Ever since the announcement of an increase to the instant asset write-off, small business owners around Australia have been celebrating the opportunity to invest in their businesses without a huge strain on their financial budgets.
However, with all the changes that were made to the instant asset write off over the years, not everyone is entirely sure of the eligibility criteria anymore. And that’s not surprising given just how many changes have been made to it since it was first introduced in 2015.
In this article, we’ll take a look at the instant asset write-offs (yes, there’s more than one!), what the new changes mean to small businesses, and the eligibility criteria.
There are actually three write-offs currently in use
The instant asset write-off was first presented on 12th May 2015 with a threshold of $20,000, and any purchase that exceeds the threshold was only able to be partially written off every year, in accord with the depreciation rate of the asset.
The write-off was also only available to businesses with an annual turnover of less than 10 million. Subsequently, on 29th January 2019 the government increased the threshold to $25,000 and extended the expiry date to June 2020. All other conditions remained the same.
After the introduction of the new scheme on 2nd April 2019, the threshold was once again increased to $30,000 and in addition to that, businesses can claim a substantial tax break per asset in the same financial year, instead of depending on the depreciation rule, which still applies to assets greater than $30,000.

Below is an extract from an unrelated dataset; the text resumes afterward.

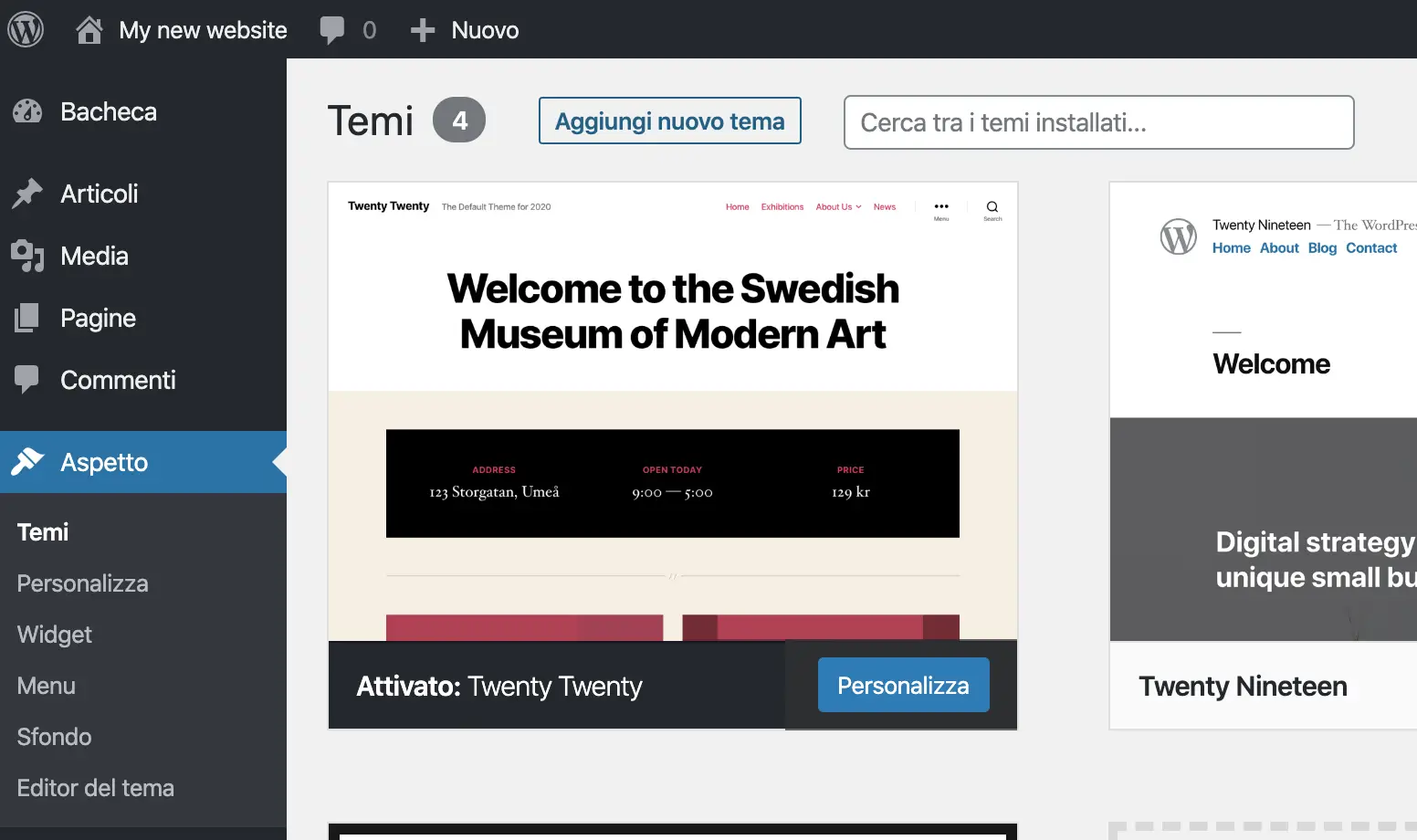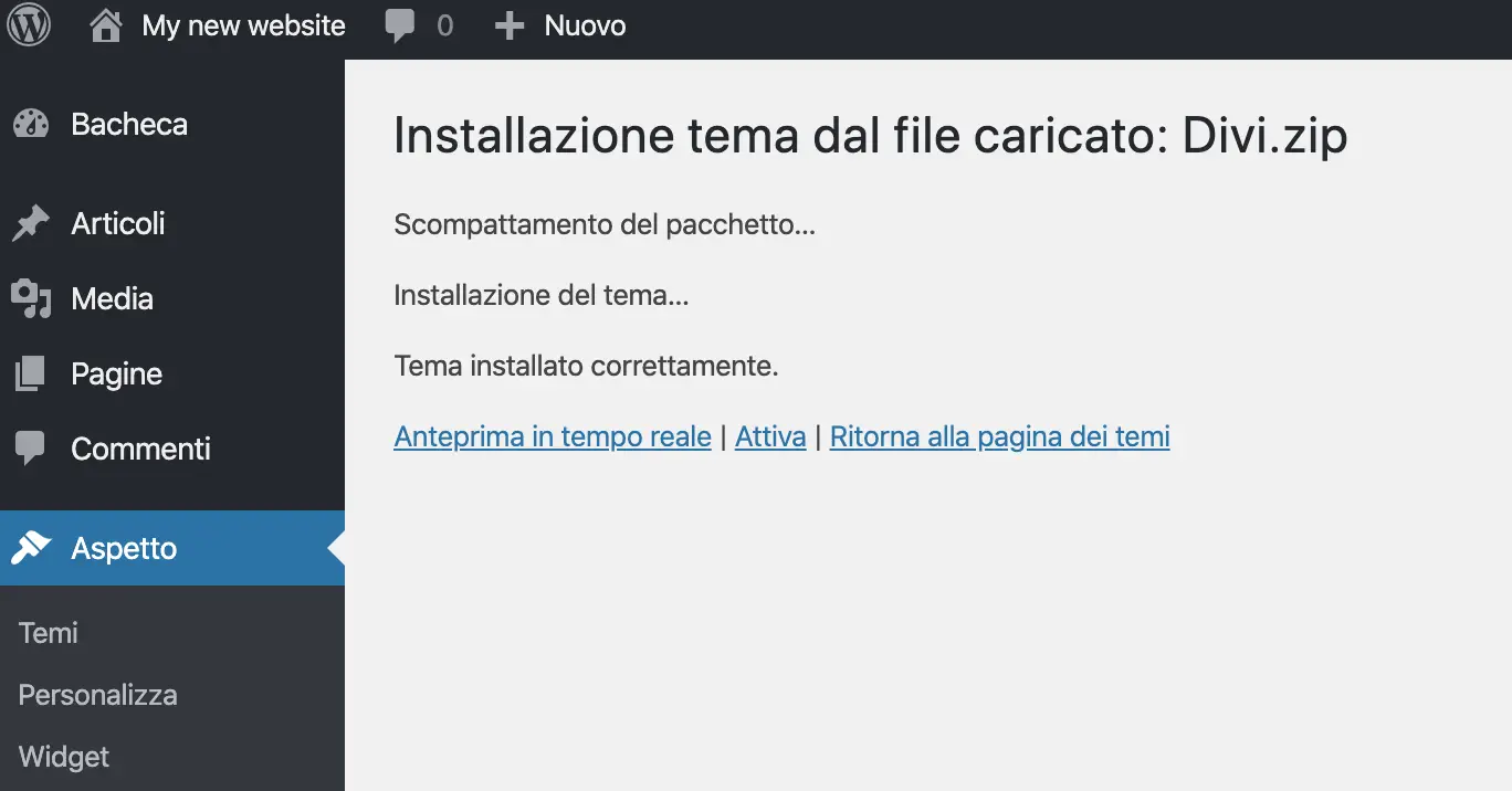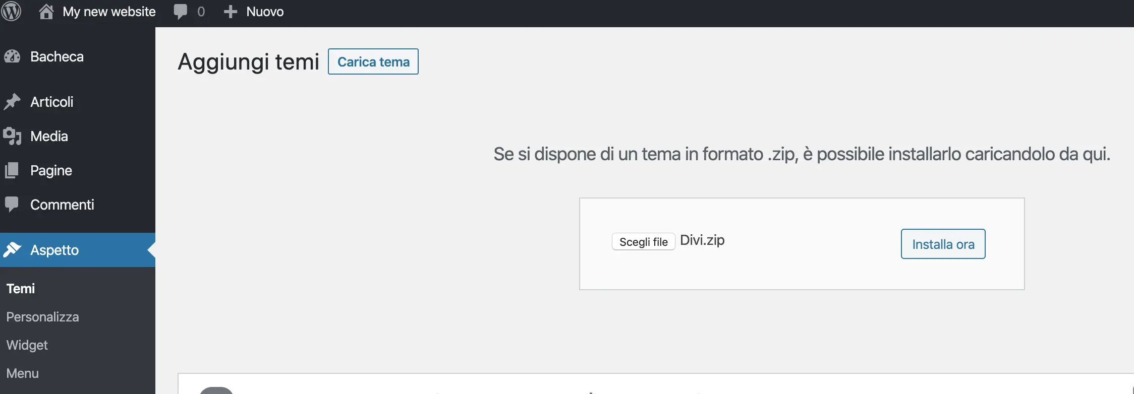 - Dall’amministrazione WordPress vai su Aspetto > Temi > Aggiungi nuovo Tema

Which one are you eligible for?
Businesses can apply for either one of the tax breaks, depending on when they purchased an asset. Essential, assets purchased from 12th May 2015 to 29th January 2019 can claim the $20,000 write off while assets purchased from 29th January to 2nd April 2019 can apply for the $25,000 write-off. All purchases after 2nd April 2019 are eligible for the $30,000 instant asset write off as long as they are under the threshold.
The increased threshold will allow greater investment opportunities toward innovative changes and reforms across several industries, while reducing some of the financial strain.
Medium sized businesses are also included
In an effort to provide support to more businesses, the government has changed the annual turnover limit from $10 million to a turnover of less than $50 Million. This means more medium businesses can now take advantage of the instant asset write off scheme.
The inclusion not only positively affects SMEs financially but also encourages more businesses to fast track their growth and investment schemes without fear of high taxes to come.
What assets are eligible under the write-off?
The asset should be a depreciating asset that’s purchased for use at your place of business. For example, a vehicle or office equipment such as photocopiers, laptops etc. However, the write-off also covers assets like software updates, patents, investment on websites and digital technology among others.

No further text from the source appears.